The Washington PostDemocracy Dies in Darkness

Bernie Sanders is still winning states — and still losing ground

Bernie Sanders pauses as he speaks at an April 25 campaign rally in Hartford, Conn. (Mike Segar/Reuters)

So the Republican race is over. Newsflash. Assuming that Donald Trump scoops up all the delegates in Indiana (which isn't yet confirmed), Trump will now have won about 53 percent of all of the delegates in the Republican contest and will need to win half of what's left in order to hit the critical 1,237 pledged-delegate mark before the convention.

After Wisconsin, the percentage of the delegates he needed to win in order to clinch the nomination was more than two-thirds — the high-water mark. But winning seven straight states by huge margins — and winning 95 percent of the delegates in those states — kept bringing that number down. That's the way these so-called magic numbers work: If you beat the target, the number drops. If you don't, it increases. After all, if you need to save $100 a week to pay rent and you only save $75 one week, you need to make up that extra $25 before the rent is due. Missing the current target makes the future goal harder.

And that, in a nutshell, continues to be Bernie Sanders's problem. He won Indiana on Tuesday, beating the polling average by a wide margin and netting delegates against Hillary Clinton. But coming in to Indiana, he needed to win about 64 percent of the delegates to eventually pass Clinton's pledged delegate total. Per the Green Papers, he won 53 percent of the state's delegates. So moving forward, he needs to do even better.

(The Indiana outcome also officially eliminated any idea that Sanders could possibly win enough pledged delegates to clinch the nomination outright. Sanders has correctly noted that Clinton won't clinch the nomination with only pledged delegates, either.)

Why isn't Sanders having luck catching up to Clinton? Notice the lighter-colored bars on both of those graphs. They represent the percentage of delegates won on each day. For each candidate to see a drop in the percentage he needs, those bars need to be above the clinching line. Trump’s are. Sanders’s aren’t.

Trump keeps winning nearly all of the delegates because the Republican system is set up to allow that. The Democratic system, on the other hand, doesn't allow it — meaning that a win in a state earns you roughly the same number of delegates as the percentage of the vote you get. Making it much, much harder for Sanders to hit his target number than it was for Trump.

Trump had to win 67 percent of the delegates after Wisconsin. In New York, he won about 60 percent of the vote — but got 95 percent of the delegates. If the Democratic rules had applied, he'd be falling further and further behind, in the way that Sanders is. But this system is still better for Sanders. If the same rules from the Republican contests applied to the Democrats, Clinton's lead would be three times as big.

The upcoming states in the Democratic contest are ones that are more likely to favor Sanders. But they need to favor him by a lot. And even if they do, most of them are small enough that they won't take a big bite out of Clinton's delegate lead. His magic number will fall by tenths of a percent, not even full percentage points — meaning that he may still need to win nearly two-thirds of the vote by the time California rolls around. And that's a state where Clinton continues to lead.

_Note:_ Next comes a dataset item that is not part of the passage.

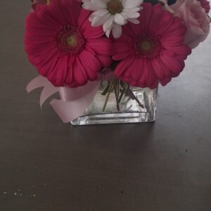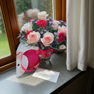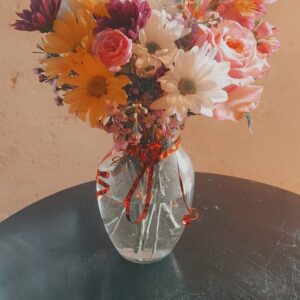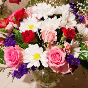 - Infused with warmth and grace, this romantic bouquet blends delicate pink roses, vibrant red carnations, and whimsical purple filler blooms—each chosen for its texture and tone. Presented in a crystal-clear glass vase, the arrangement rests beside a spool of blush ribbon and a handwritten note, evoking the intimacy of a personal gesture. Ideal for expressing gratitude, love, or quiet celebration,…
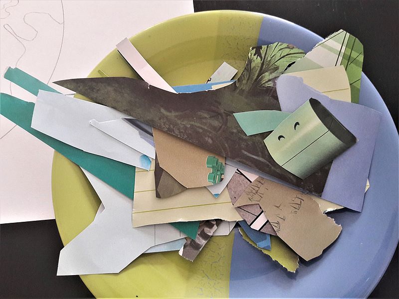 Reiße aus deiner alten Zeitschrift viele kleine blaue und grüne Schnipsel!

Which is why Sanders's team is now arguing that late votes count more than early ones. Here's the Huffington Post, quoting Sanders's strategist Tad Devine.

Asked if he believed that later contests were more important than earlier ones, Devine didn’t flinch.
“I think they are,” he said, “You know why? Because they are closer to November, that’s why, you know. And what happened a year ago is not as important as what’s going to happen in June of this year.”

Devine is suggesting, in essence, that hitting a few homers in the ninth even though you fell behind by 15 runs in by the fourth means you should be the winner because you can carry over that hot streak into the next game. (Which, of course, is on a different team and not on your home field.)

We'll see if the superdelegates, which are Sanders's only hope for the nomination, agree with that argument.